Being mid-engine, rear-drive (MR in the game) it has the most potential to be tricky to drive. In reality, though, it has exemplary balance, and on the dry, warm tarmac we’re blessed with today, it goads you into exploring its limits more swiftly than you might imagine. I suspect in the wet it would be a different animal…

The engine is a superstar in this company, the only one free of turbos and the most sonorous in voice. A 3.2-litre V6 with a red line beyond 8,000rpm, it delivers the biggest high of this whole group – when you change up at the top of third gear at the top of Rockingham’s bowl, the howl is almost deafening.

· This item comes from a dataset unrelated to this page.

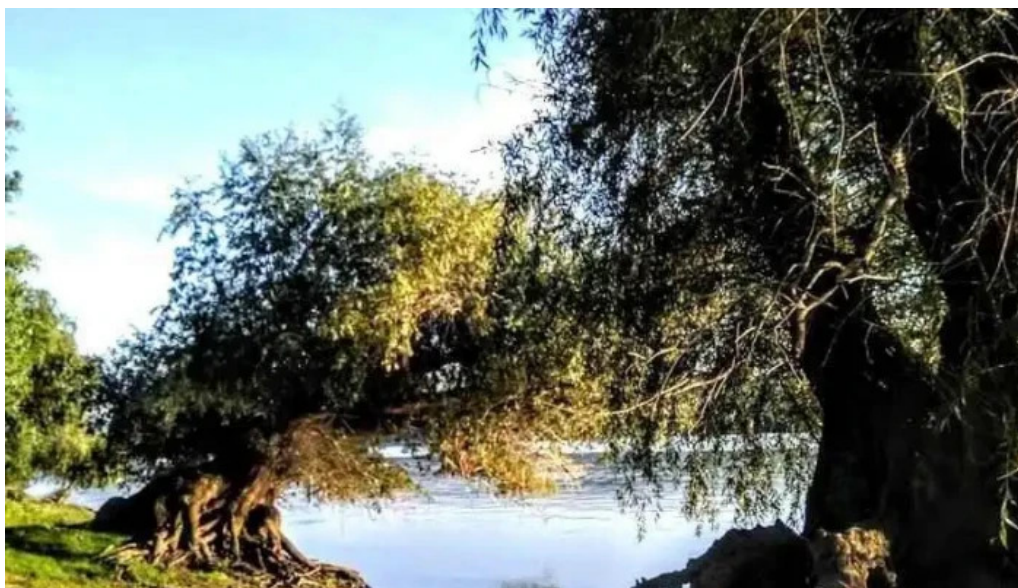
Comuna ciupercenii noi romania

The NSX’s manual gearchange, if you’d not heard, is one of the all-time greats.

It’s a serious car that makes the saloons feel a little slapstick, and it’s clearly a car that McLaren drove a lot when developing its new-age supercars. The windscreen is as vast as a bay window, while the steering is superbly set up. Even on Rockingham’s tight infield corners there’s never any reason for your hands to leave the quarter-to-three position.

An equally brilliant rack sits in the Skyline GT-R, here in late Nineties ‘R34’ guise. Nissan started official UK imports of these just as GT was really taking off, and I’d argue their success is intrinsically linked.

The R34’s data screen – component temperatures, lap times, g-force – surely appeals most to the PlayStation generation who first drove fast cars on a boxy 14in telly with a smattering of numbers on the screen. The Skyline’s graphics have dated as much as the original GT’s, but they still bewitch everyone here.

As does the whole car. It’s fantastic. While everything else betrays its Nineties roots with plenty of body roll (even the NSX), the Skyline is always flat.

Another 4WD car, it welcomes in its driver with tactile controls and predictable handling. In the dry, there seems endless grip to rely upon. It feels supremely taut in its responses and so, so fast – like it could lap the others with ease.

But so beautifully judged is its steering, and so feelsome and communicative is, well, the whole car, it’d be a crime to just follow the grippiest, most efficient line around a circuit. The bombastic power of its twin-turbo 2.6-litre straight-six means it’ll happily slide under power.

You need to turn it in aggressively, tell the car that’s what you want to do. But once the rear’s swung around you can feel the clever 4WD shuffling power around as the car drives beautifully out of the corner. The car I defaulted to in my bedroom is the car I’m blown over by 20 years later, on an actual circuit.

So it’s clear GT – and its fastidious creator, Kazunori Yamauchi – nailed dynamic realism. But while the game encourages you to be ruthlessly fast, to pick the best car to win, today has proved there’s joy in driving cars for more than sheer speed.

The two that have forced me unwisely into the classifieds, ones that demand real pounds, not imaginary credits, are the hoodlum saloons, the Impreza and Evo. They’re two of the best cars I’ve ever driven. In the electronic and the real world.